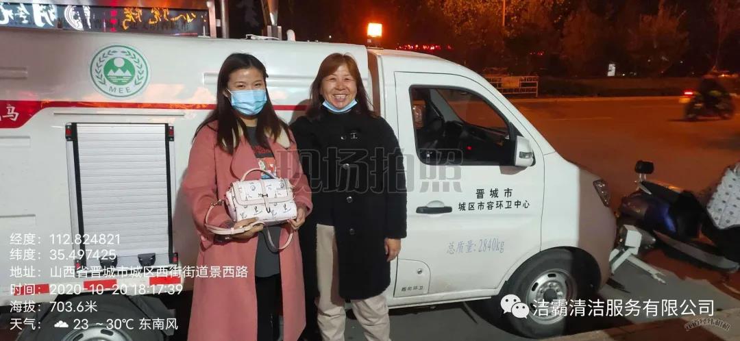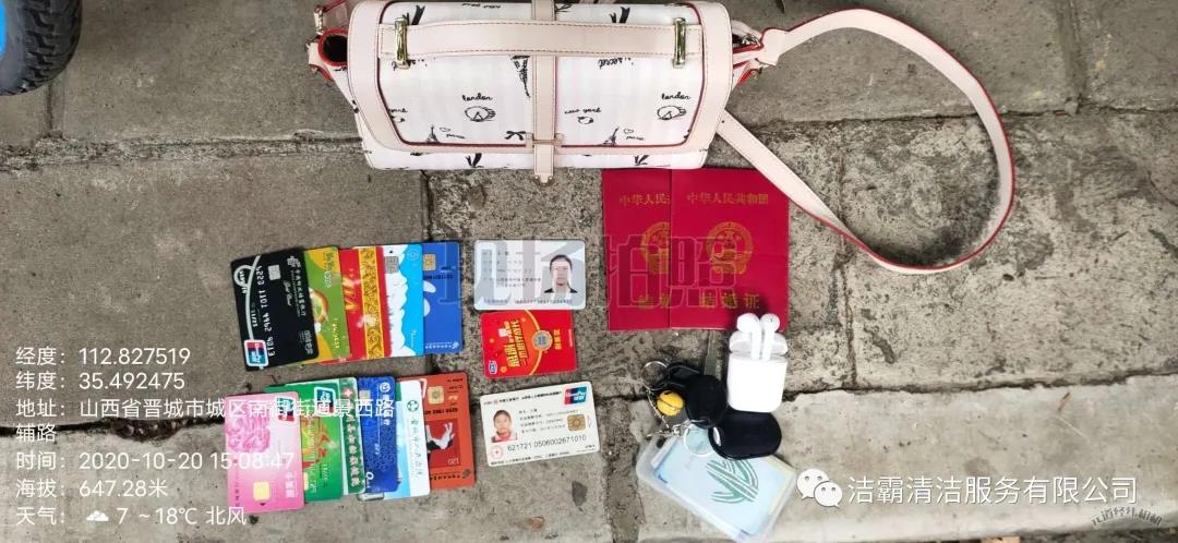 10月20日下午3點(diǎn)左右,晉城市潔霸清潔服務(wù)股份有限公司保潔部環(huán)衛(wèi)經(jīng)理李通和工人在城區(qū)南街街道景西路段進(jìn)行街道清洗作業(yè)時(shí),忽然看見晉城農(nóng)商銀行門前的綠化帶里有一個(gè)女士挎包,忙叫環(huán)衛(wèi)工人郭志云把挎包撿了起來。當(dāng)時(shí)就考慮到失主丟失挎包以后一定很著急,在同事的共同見證下他們打開挎包,經(jīng)過查看,發(fā)現(xiàn)挎包內(nèi)有一張王女士的身份證、社?般y行卡數(shù)張,還有結(jié)婚證、鑰匙、耳機(jī)、富士康工牌等物品。憑借富士康工牌上的工號,他們給富士康打電話聯(lián)系到了失主,后由環(huán)衛(wèi)主管秦彩鳳將挎包交到失主手中。收到失而復(fù)得的挎包,王女士又驚又喜,感激萬分。
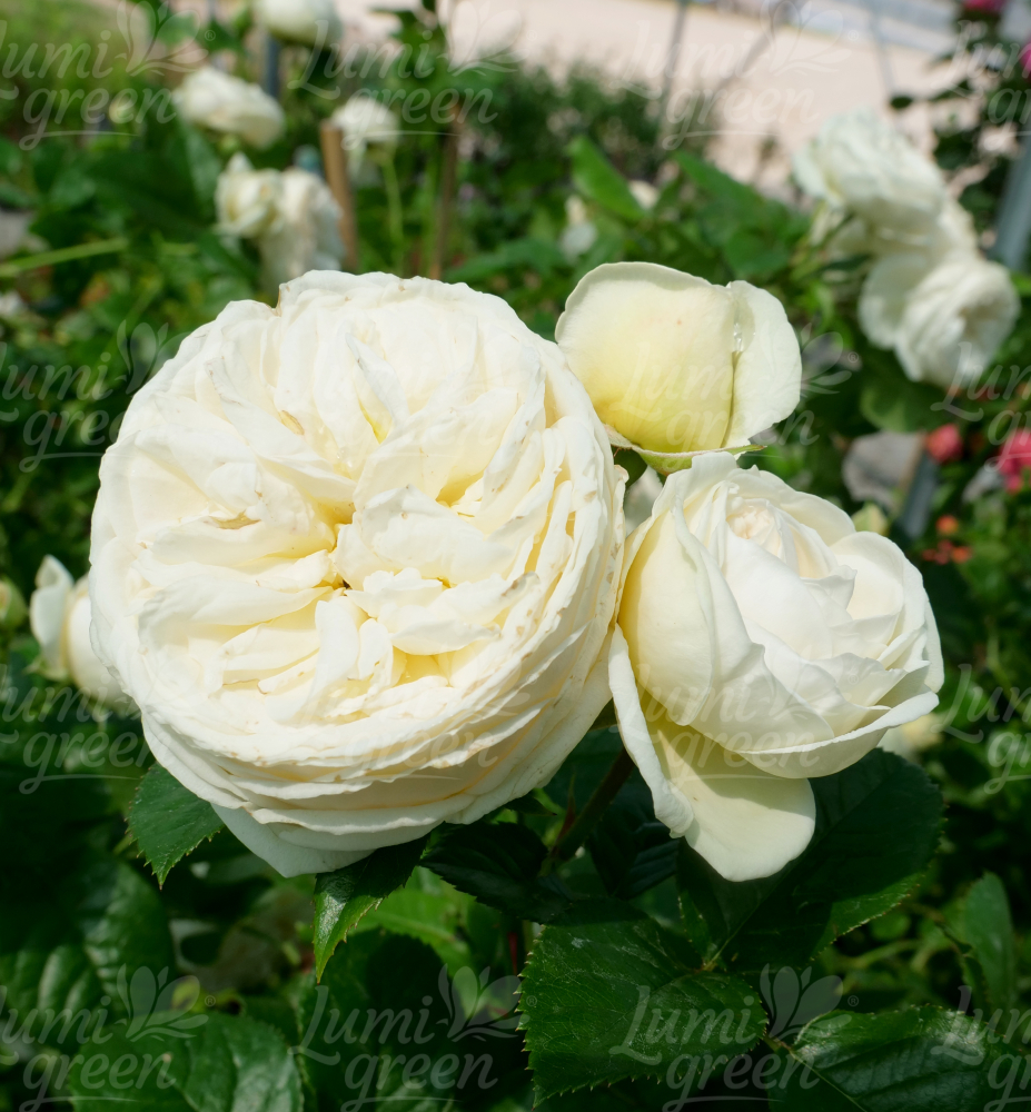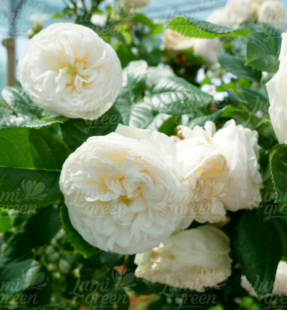 Nostalgická odrůda růže s plnými krémově bílými květy.
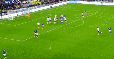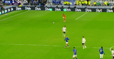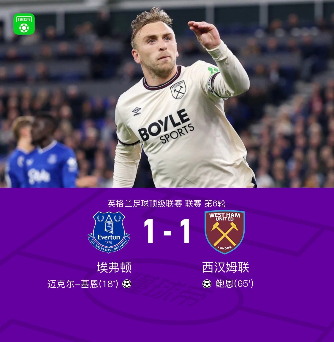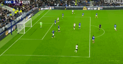 第65分钟,鲍恩禁区右路兜射远角破门,埃弗顿1-1西汉姆联
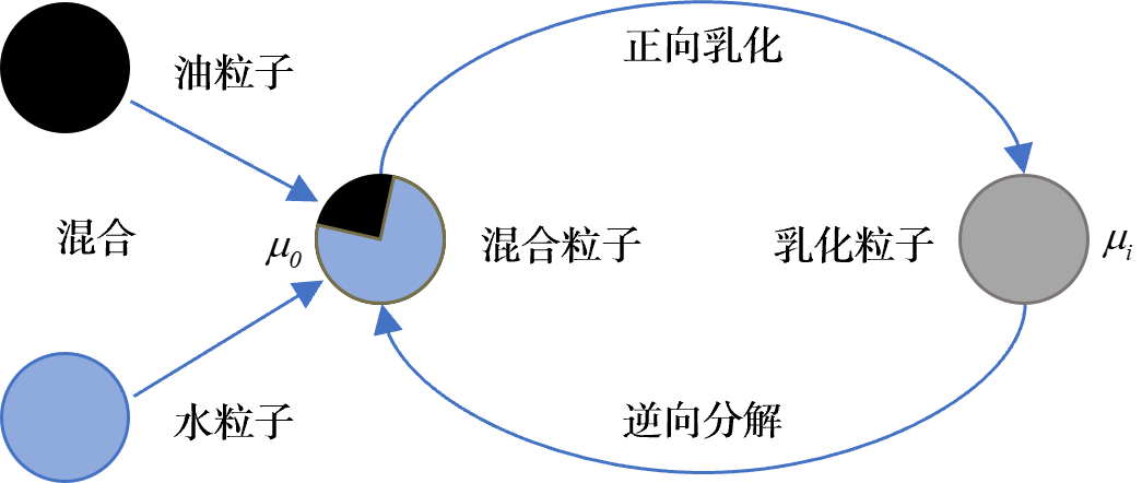 海面溢油污染通常包括擴散過程和風化過程,風化過程中乳化階段產生的油水乳化物的流變性會發生變化,隨著時間的推移直接影響其擴散過程。如圖2所示,將Rasmussen模型中乳化反應視為平衡反應,即
+-------+
What to work on => A verbatim copy of the data, with all pictures omitted, is the required output.

Task output =>
 10月20日下午3點(diǎn)左右,晉城市潔霸清潔服務(wù)股份有限公司保潔部環(huán)衛(wèi)經(jīng)理李通和工人在城區(qū)南街街道景西路段進(jìn)行街道清洗作業(yè)時(shí),忽然看見晉城農(nóng)商銀行門前的綠化帶里有一個(gè)女士挎包,忙叫環(huán)衛(wèi)工人郭志云把挎包撿了起來。當(dāng)時(shí)就考慮到失主丟失挎包以后一定很著急,在同事的共同見證下他們打開挎包,經(jīng)過查看,發(fā)現(xiàn)挎包內(nèi)有一張王女士的身份證、社?般y行卡數(shù)張,還有結(jié)婚證、鑰匙、耳機(jī)、富士康工牌等物品。憑借富士康工牌上的工號,他們給富士康打電話聯(lián)系到了失主,后由環(huán)衛(wèi)主管秦彩鳳將挎包交到失主手中。收到失而復(fù)得的挎包,王女士又驚又喜,感激萬分。
 Nostalgická odrůda růže s plnými krémově bílými květy.
 第65分钟,鲍恩禁区右路兜射远角破门,埃弗顿1-1西汉姆联
 海面溢油污染通常包括擴散過程和風化過程,風化過程中乳化階段產生的油水乳化物的流變性會發生變化,隨著時間的推移直接影響其擴散過程。如圖2所示,將Rasmussen模型中乳化反應視為平衡反應,即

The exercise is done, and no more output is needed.